ロマコメの魅力 映画『Romantic Comedy/ロマンティック・コメディ』

<STORY>
ティーンエイジャーの頃、私はロマコメ映画に狂おしいほど恋をしていた。
ロマコメ映画は孤独への不安を和らげ、甘美な人生が待っていると約束してくれた。
大人になった今はいろいろなことを考えてしまう。
なぜ『プラダを着た悪魔』でアンディはネイトの誕生日に怒られるの?
マグノリアのカップケーキじゃだめ?
ブリジット・ジョーンズが57kg でオーバーウェイトだとバカにされるなら、私はどうなるのだろう。
ロマコメ映画ではなぜ、キャリアウーマンはみんな惨めに描かれるの?
みなが白人で、異性愛者で、誰もが結婚を望む、非現実なおとぎ話の世界。
なのに、なんで私はまだロマコメ映画を観てしまうのだろう。
何度も、何度も。
あなたはどう思う?
ロマコメ映画のこと──。
ラブコメ=ロマコメ映画は多くの人々に深く愛されている一方で、本格的な分析はほとんどなされてこなかった。
本作は幾多の名作映画の実際のシーン映像を抜粋し、「あの映画を観たときの高揚」を観客とともに追体験しながら、「ロマコメ映画とは?愛とは?」というテーマを探求し、自己発見の旅に出るフィルム・エッセイである。
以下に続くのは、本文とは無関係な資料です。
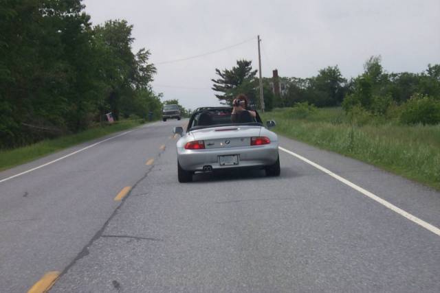 A couple of times Tracy pokes her head out of the car with a video camera attached.

監督はインディポップ・バンドSummer Camp として活動し、本作と同様のスタイルで青春映画について語ったドキュメンタリー『ビヨンド・クルーレス』のサントラも勤めたエリザベス・サンキー。
膨大な数の名シーンを巧みに切り取り、自らのボイスオーバーで個人的な想いを重ねつつ、サウンドトラックも手掛ける。
監督以外の「声」として、『このサイテーな世界の終わり』『ロブスター』で注目を集めるジェシカ・バーデン、前述の『ビヨンド・クルーレス』の監督チャーリー・ラインをはじめとして、Pitchfork、NME、Rolling Stone 等のカルチャーメディアで活躍する批評家やライターたちが集結。多様な視点からロマコメ映画について語り尽くす。
旧来のロマコメ映画を礼賛すると同時に、現代的な視点で問題提起を行う本作。
その言及対象は、「愛」を描く映画のオルタナティブなスタイルとしてのブロマンス≒バディものにまで及ぶ。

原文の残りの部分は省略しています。